* EXERCISE GOAL: Copy word for word, please, the lines of the entries below running from the one containing "Made in California" to the one containing "While the leader", both ends included.

* DATA TO USE:
______

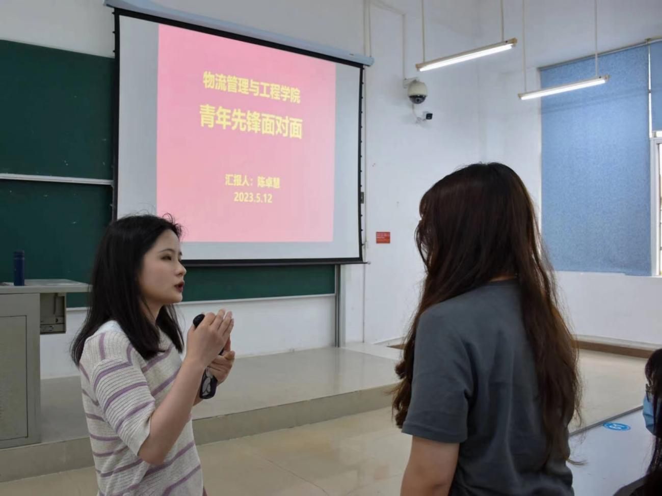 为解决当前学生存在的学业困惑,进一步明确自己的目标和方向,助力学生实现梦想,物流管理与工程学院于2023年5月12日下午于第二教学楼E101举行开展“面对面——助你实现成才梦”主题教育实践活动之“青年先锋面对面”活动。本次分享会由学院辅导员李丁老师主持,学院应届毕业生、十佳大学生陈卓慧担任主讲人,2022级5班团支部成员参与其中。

______

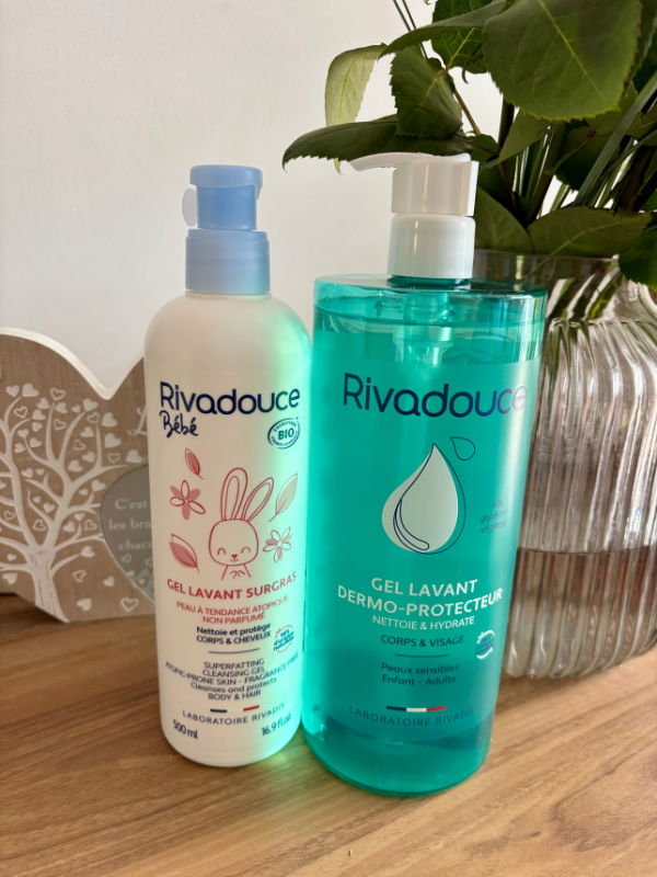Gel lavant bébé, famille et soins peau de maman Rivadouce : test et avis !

______

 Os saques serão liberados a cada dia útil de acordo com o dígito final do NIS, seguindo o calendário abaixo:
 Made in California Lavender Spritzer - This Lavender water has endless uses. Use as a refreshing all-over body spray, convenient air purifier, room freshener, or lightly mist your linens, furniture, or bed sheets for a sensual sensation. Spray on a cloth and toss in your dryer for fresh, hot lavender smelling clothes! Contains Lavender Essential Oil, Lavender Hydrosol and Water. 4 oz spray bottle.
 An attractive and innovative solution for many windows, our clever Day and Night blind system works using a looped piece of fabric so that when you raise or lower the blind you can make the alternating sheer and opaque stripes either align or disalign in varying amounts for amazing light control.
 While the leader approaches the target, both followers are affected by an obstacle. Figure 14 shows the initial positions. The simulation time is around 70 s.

______

* REPLY TO THE TASK:
 Made in California Lavender Spritzer - This Lavender water has endless uses. Use as a refreshing all-over body spray, convenient air purifier, room freshener, or lightly mist your linens, furniture, or bed sheets for a sensual sensation. Spray on a cloth and toss in your dryer for fresh, hot lavender smelling clothes! Contains Lavender Essential Oil, Lavender Hydrosol and Water. 4 oz spray bottle.
 An attractive and innovative solution for many windows, our clever Day and Night blind system works using a looped piece of fabric so that when you raise or lower the blind you can make the alternating sheer and opaque stripes either align or disalign in varying amounts for amazing light control.
 While the leader approaches the target, both followers are affected by an obstacle. Figure 14 shows the initial positions. The simulation time is around 70 s.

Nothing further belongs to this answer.